FRIDAY’S WORDS OF WISDOM: THE TRIADS OF IRELAND BY KUNO MEYER

The Triads of Ireland by Kuno Meyer (1906, available from Project Gutenberg) is a collection of a specifically Irish form of poetry popular amongst Irish bards that probably date from the Ninth Century[i]. They are, as the name suggests, based on threes – they’re sometimes witty, sometimes profound, sometimes strange and I discovered them recently while reading David Greene and Frank O’Connor’s A Golden Treasury of Irish Poetry: AD 600 – 1200 (Macmillan, 1967). A lot of ancient Irish poetry has the kind of sparseness that we associate with Japanese verse (there are beautiful, brief, precise poems like “Writing Out Of Doors” and “Winter” in the Greene & O’Connor volume) and best of the triads seem, to me, to have a haiku-ish thing going on. They do make me wish that I’d paid more attention when people were trying to teach me Irish since something is lost in translation. Still, I was delighted to discover them.

Some of them are bland and for some of the meanings are long lost in history, like this one:

107. Three wonders of Ireland: the grave of the dwarf, the grave of Trawohelly, an echo near.

But, here are some of the finer examples that caught my eye – they either give an insight into the ancient mind, express wisdom that reaches across time, they just made me laugh or I found the images they evoke to be striking. Not all of them are exactly politically correct… and there’s quite a bit of ale.

67. Three rejoicings followed by sorrow: a wooer’s, a thief’s, a tale-bearer’s.

75. Three slender things that best support the world: the slender stream of milk from the cow’s dug into the pail, the slender blade of green corn upon the ground, the slender thread over the hand of a skilled woman.

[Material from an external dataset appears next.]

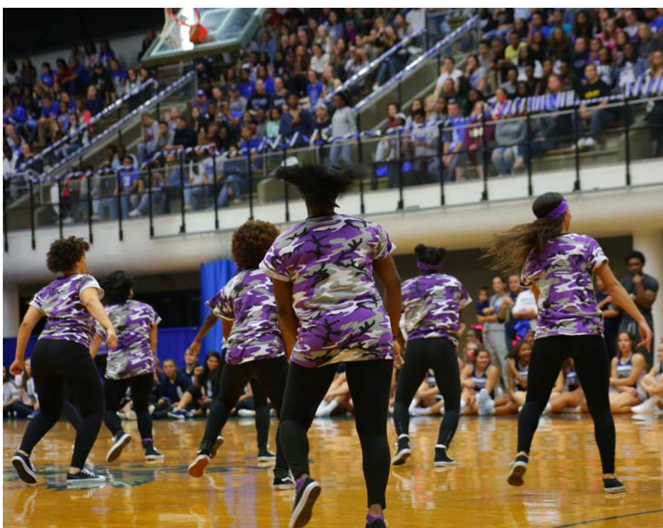
Step team performing in front of crowd.

77. Three things which justice demands: judgment, measure, conscience.

78. Three things which judgment demands: wisdom, penetration, knowledge.

82. Three rude ones of the world: a youngster mocking an old man, a healthy person mocking an invalid, a wise man mocking a fool.

88. Three glories of a gathering: a beautiful wife, a good horse, a swift hound.

89. Three accomplishments of Ireland: a witty stave, a tune out of a harp, shaving a face.

91. Three smiles that are worse than sorrow: the smile of the snow as it melts, the smile of your wife on you after another man has been with her, the grin of a hound ready to tear you to pieces.

92. Three deaths that are better than life: the death of a salmon, the death of a fat pig, the death of a robber.

93. Three fewnesses that are better than plenty: a fewness of fine words, a fewness of cows in grass, a fewness of friends around good ale.

97. Three preparations of a good man’s house: ale, a bath, a large fire.

100. Three darknesses into which women should not go: the darkness of mist, the darkness of night, the darkness of a wood.

122. Three things that constitute a good harper: a tune to make you cry, a tune to make you laugh, a tune to put you to sleep.

130. Three nurses of theft: a wood, a cloak, night.

146. Three sounds of increase: the lowing of a cow in milk, the din of a smithy, the swish of a plough.

194. Three things that make a fool wise: learning, steadiness, patience.

195. Three things that make a wise man foolish: quarrelling, anger, drunkenness.

201. Three candles that illumine every darkness: truth, nature, knowledge.

204. Three keys that unlock thoughts: drunkenness, trustfulness, love.

225. Three welcomes of an ale-house: plenty and kindliness and art.

227. Three things that are best in a house: an ox, men, axes.

242. Three things that are best for a chief: justice, peace, an army.

243. Three things that are worst for a chief: sloth, treachery, evil counsel.



[i] Not, as my wife suggested, a Dublin-based Chinese mafia.